Deadlock-Free by Construction: How Typhon Eliminates Deadlocks Instead of Detecting Them

💡Typhon is an embedded, persistent, ACID database engine written in .NET that speaks the native language of game servers and real-time simulations: entities, components, and systems.
It delivers full transactional safety with MVCC snapshot isolation at sub-microsecond latency, powered by cache-line-aware storage, zero-copy access, and configurable durability.

Series: A Database That Thinks Like a Game Engine

  1. Why I’m Building a Database Engine in C#
  2. What Game Engines Know About Data That Databases Forgot
  3. Microsecond Latency in a Managed Language
  4. Deadlock-Free by Construction (this post)
  5. MVCC at Microsecond Scale (coming soon)

Octocat GitHub repo  •  :mailbox_with_mail: Subscribe via RSS

Deadlocks are usually treated as a runtime problem. We treat them as a design bug.

That sounds like a slogan. It isn’t. It’s the actual reasoning behind three architectural decisions that, taken together, make a lock-dependency cycle impossible in Typhon — not unlikely, not rare, impossible. The engine ships without a deadlock detector. From the project’s own concurrency overview:

Deadlock detection is explicitly not implemented — it would add overhead for a scenario that cannot occur in the current architecture.

This post is the how: how three structural decisions remove three classes of edges from the lock-dependency graph, and how that elimination cascades into “no cycle is possible.” But it’s also the why: why the constraint was set at project inception, before any code existed to deadlock, and what it cost.

The upfront bet

I didn’t compare deadlock detection schemes before starting Typhon. I’d seen them in production at previous engines, and the pattern was always the same: a separate background scanner, a wait-for graph, victim selection heuristics, transaction abort and retry. A lot of code. A lot of edge cases. None of it bulletproof for the user, who still sees occasional one-second pauses or unexplained transaction failures under load.

So I made an upfront call, recorded as ADR-003, the project’s first concurrency decision, dated 2024-01 (project inception):

Optimistic locking: No locks during execution; conflict detection only at commit.

(ADRs — Architecture Decision Records — are short documents capturing one design choice with its context and rationale. They’re a paper trail for why a thing was built a particular way, not just what it does. Typhon has 49 of them so far. They live in the project’s internal documentation, not in the public repo.)

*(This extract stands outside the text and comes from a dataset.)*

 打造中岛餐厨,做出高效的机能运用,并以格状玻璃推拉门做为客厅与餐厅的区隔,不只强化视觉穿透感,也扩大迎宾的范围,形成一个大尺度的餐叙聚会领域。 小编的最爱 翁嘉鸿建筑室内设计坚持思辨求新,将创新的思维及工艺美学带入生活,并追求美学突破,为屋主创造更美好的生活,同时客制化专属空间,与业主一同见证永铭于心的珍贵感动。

That’s the bet. No locks across data, whatever the architectural cost. Not because I had proof prevention would be faster — I didn’t run those benchmarks — but because the implementation cost of detection is real, the result is never bulletproof, and trading an architectural cost up front for never paying a runtime cost later is the trade I wanted.

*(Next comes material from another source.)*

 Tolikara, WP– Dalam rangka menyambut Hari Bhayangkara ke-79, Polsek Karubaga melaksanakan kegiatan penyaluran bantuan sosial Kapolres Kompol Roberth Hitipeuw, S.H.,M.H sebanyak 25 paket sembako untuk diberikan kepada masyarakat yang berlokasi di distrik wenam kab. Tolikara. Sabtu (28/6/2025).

The three “pillars” that follow aren’t a survey of alternatives I considered. They’re what the architecture had to become once the constraint was set. MVCC was the obvious starting point. Optimistic Lock Coupling for indexes followed because traditional B+Tree latch coupling violated the constraint at the index level. The “no cross-table latching” rule emerged because anything else reintroduced the cycles I was trying to eliminate.

It’s constraint-driven design, not survey-driven. And it’s why this post claims a property — deadlock-free by construction — instead of a benchmark.

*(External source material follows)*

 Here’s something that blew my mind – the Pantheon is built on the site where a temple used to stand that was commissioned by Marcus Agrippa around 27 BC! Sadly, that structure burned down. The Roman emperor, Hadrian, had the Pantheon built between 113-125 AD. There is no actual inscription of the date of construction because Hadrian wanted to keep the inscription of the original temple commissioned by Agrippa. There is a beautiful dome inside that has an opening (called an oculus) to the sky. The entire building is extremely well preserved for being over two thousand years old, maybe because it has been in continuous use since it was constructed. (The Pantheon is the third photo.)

What a deadlock actually is

Briefly, because the rest of the post needs the picture.

Two transactions, T1 and T2. T1 holds a lock on row A and asks for a lock on row B. T2 holds B and asks for A. Neither can proceed. Each is waiting for the other; the wait will never end. That’s a cycle in the lock-dependency graph — the directed graph whose nodes are transactions and whose edges are “is waiting for.” A deadlock is a cycle in that graph. Detection-based databases scan for cycles and break them by aborting one transaction. Prevention-based databases make cycles impossible to form.

The three sections that follow each remove one class of edges from that graph. With every class removed, no cycle is possible.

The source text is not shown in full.